# Lateness?



## MisStarrlight (Jun 30, 2007)

So I'm sitting around my house killing time.  It's 1:22 now and I am supposed to be doing a wedding today (Bride +3).  The limo is coming at 4...and I also have to be to work at 4 (meaning that I have to be done & outta there at like 3:30....so I told the bride we needed to start at 12 at the latest.  I can get away with being a little late to work, but not that much.  There was some issue w/ the hotel so she said she'd call this morning & let me know if we'd be getting her ready at home or at the hotel.  By 12 I had heard nothing so I called her-they're still at the hair dressers....and they have to go back to her house before heading to the hotel.  Ok, so even if she called me by 1:30 we still wouldn't get in & started till at least 2.  Yes, I can do 4 faces in an hour and a half, but not comfortably...but what am I going to do?  I can't leave her stranded on her wedding day.  I feel bad cause she's super sweet & has really been one of my best brides....but I'm soooo aggravated.

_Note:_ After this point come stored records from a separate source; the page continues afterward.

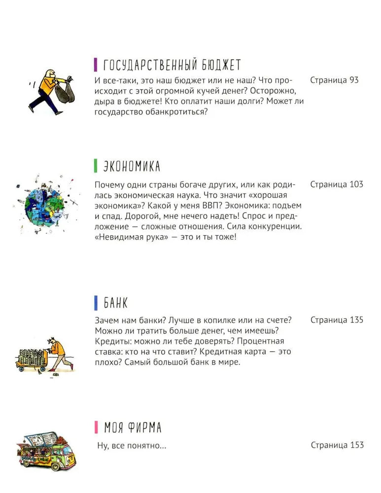 Все, что образованному человеку любого возраста нужно знать об экономике, вы найдете в этой книге. Кто платит бабушке и дедушке пенсию? Что такое банк и зачем он дает кредиты? Где прячутся налоги? Как формируется бюджет государства? И даже – как спасти экономику от кризиса? Экономика – это одна из тех тем, которые родители не обсуждают с детьми, потому что – как справедливо отмечает автор – часто и сами не разбираются.
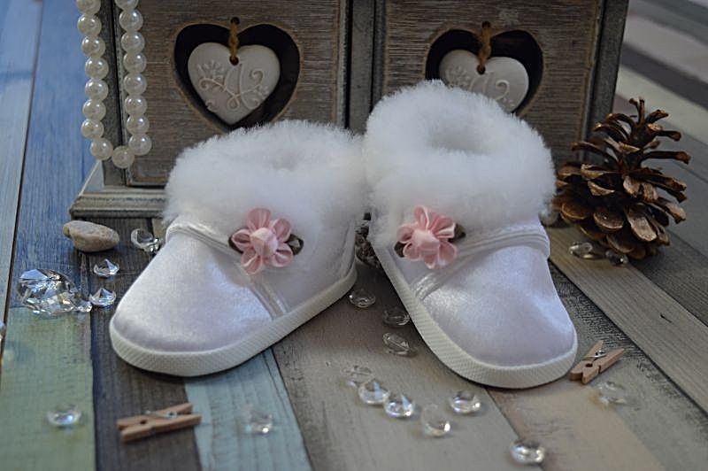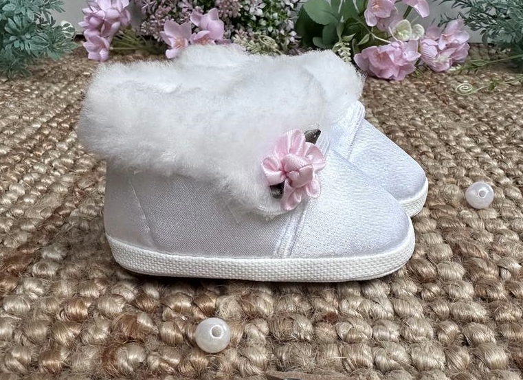 MZ008 SB Satyna z kwiatem Zapinane na rzep,delikatne buciki z białej satyny ozdobione różowym kwiatem.Tk.zew.-satyna obszyta dzianiną runowątk.wew.- włóknina obuwniczaspód- cortina rozmiary:10,11,12,13- długość wkładki w cm. wewnątrz Galeria
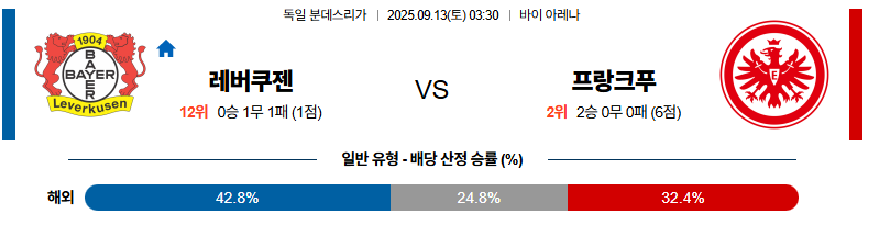 레버쿠젠 대 프랑크푸르트 분데스리가 09월13일 맞대결 생중계, 스포츠중계, 스포츠분석
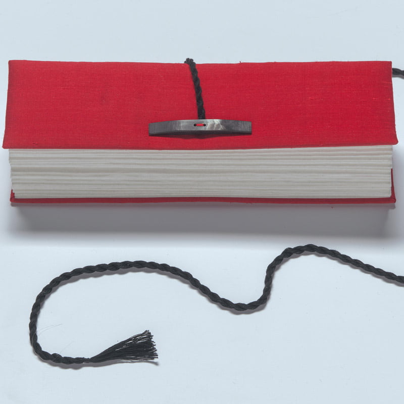 Aan beide uiteinden is van karton, beplakt met dunne tussenvulling en rode zijde, een kaft gemaakt.
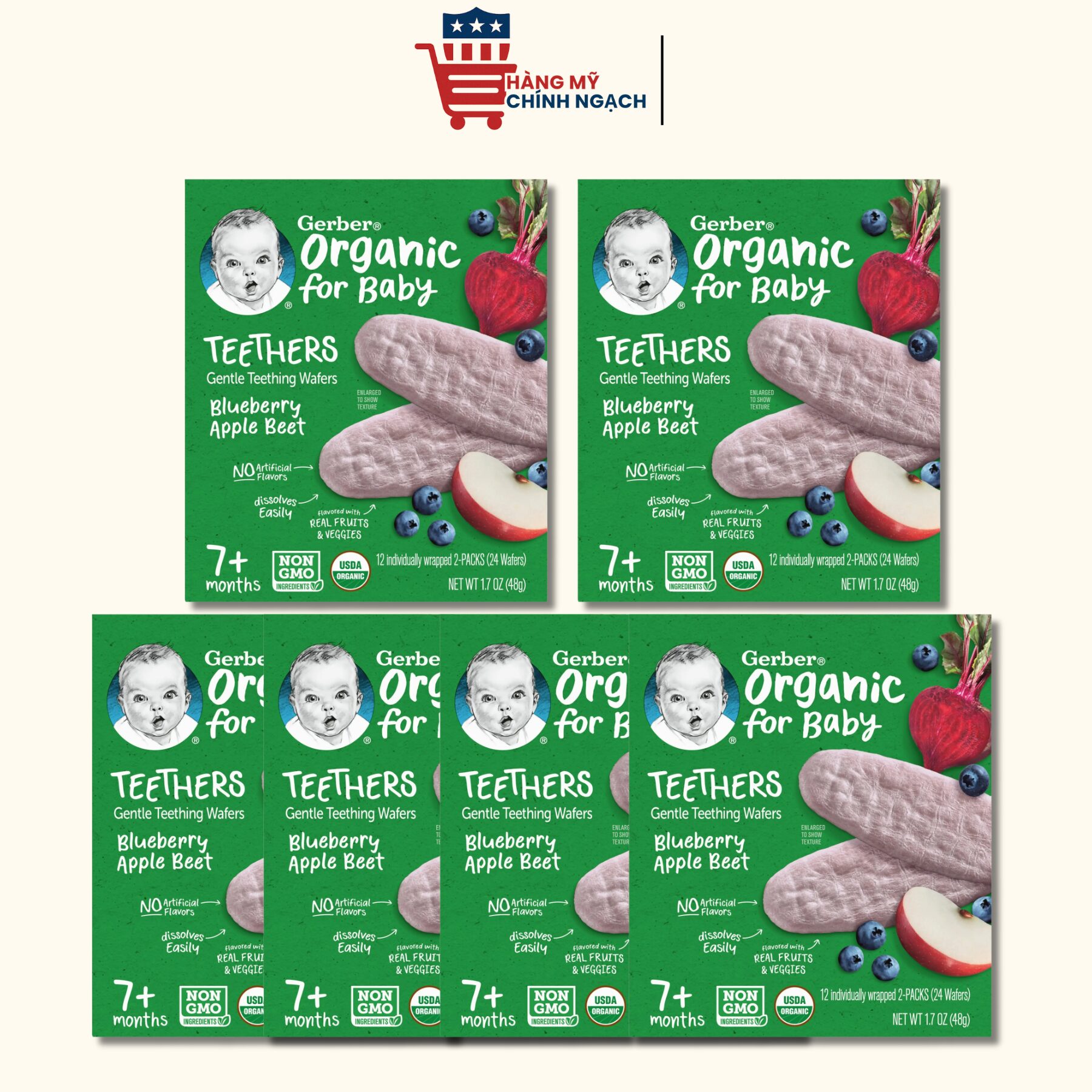 Bánh ăn dặm Gerber Organic Teethers Blueberry Apple Beet 48g
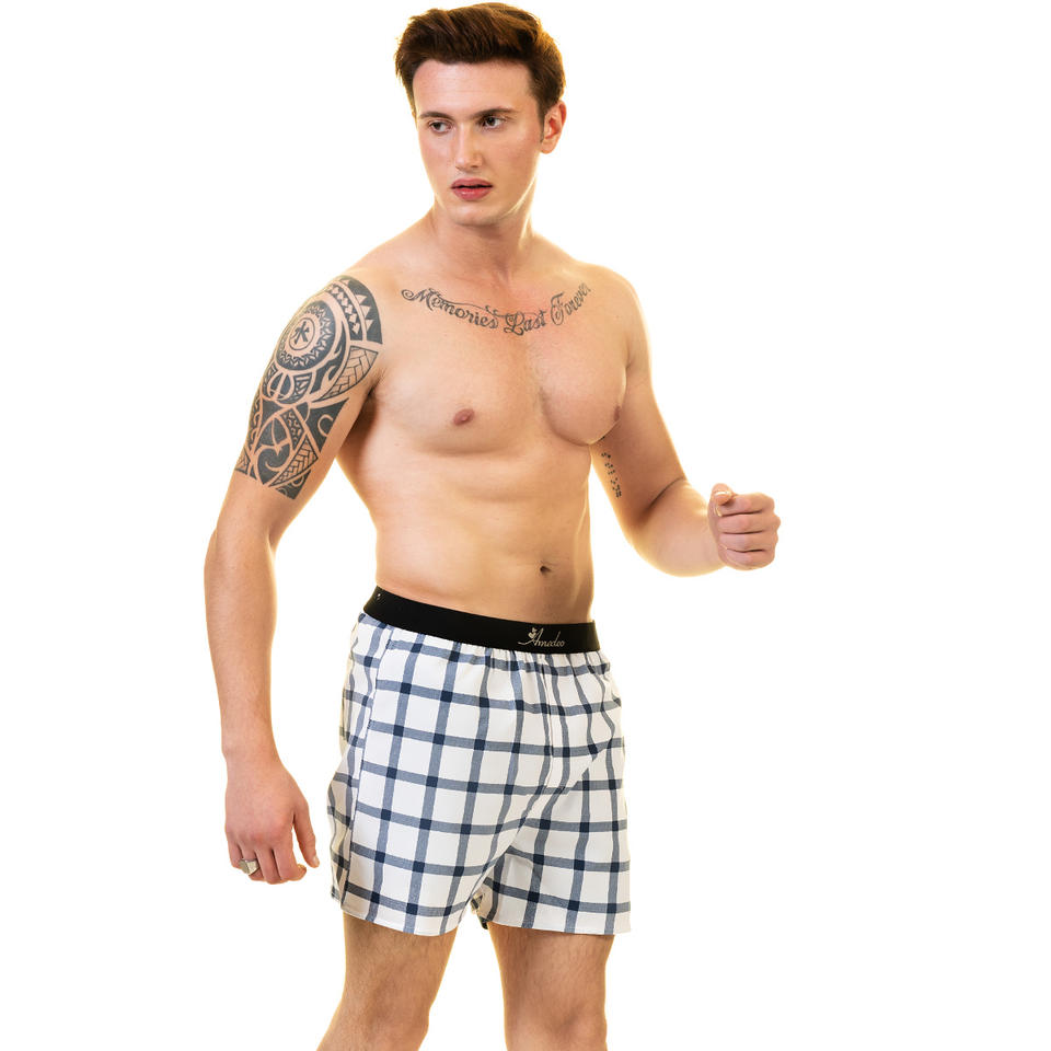 Plaid Boxer Shorts with Inside Fashion Waistband Multicolor Boxer Men's Woven Cotton Long Adults Print Pattern for Men Knitted

Ok, sorry for the rant...now to my real point....

I've been on soo many jobs where people are late-models, other MUAs, stylists, etc.  I understand that things happen-traffic, waking up late, nervous breakdowns, etc, but really this is your life, or at least your career/job/passion.  I have only been late to 1 shoot in my entire life (and that was b/c I was lost & the photog was from overseas & didn't know where he was so he couldn't give me directions to get there)..usually I am at least 15 minutes early.  I don't want to be the one responsible for holding up everything (and I want to be sure that the photographer wants to work with me again) so I don't understand why everyone else feels that this is ok.


----------



## MisStarrlight (Jul 1, 2007)

So yeah, I didn't start until 3:30...time to put another clause in my contract.  Anyone got any ideas as to how to word it?


----------



## Shimmer (Jul 1, 2007)

MartyGreene may  be able to give some advice. You may try PMing her...


----------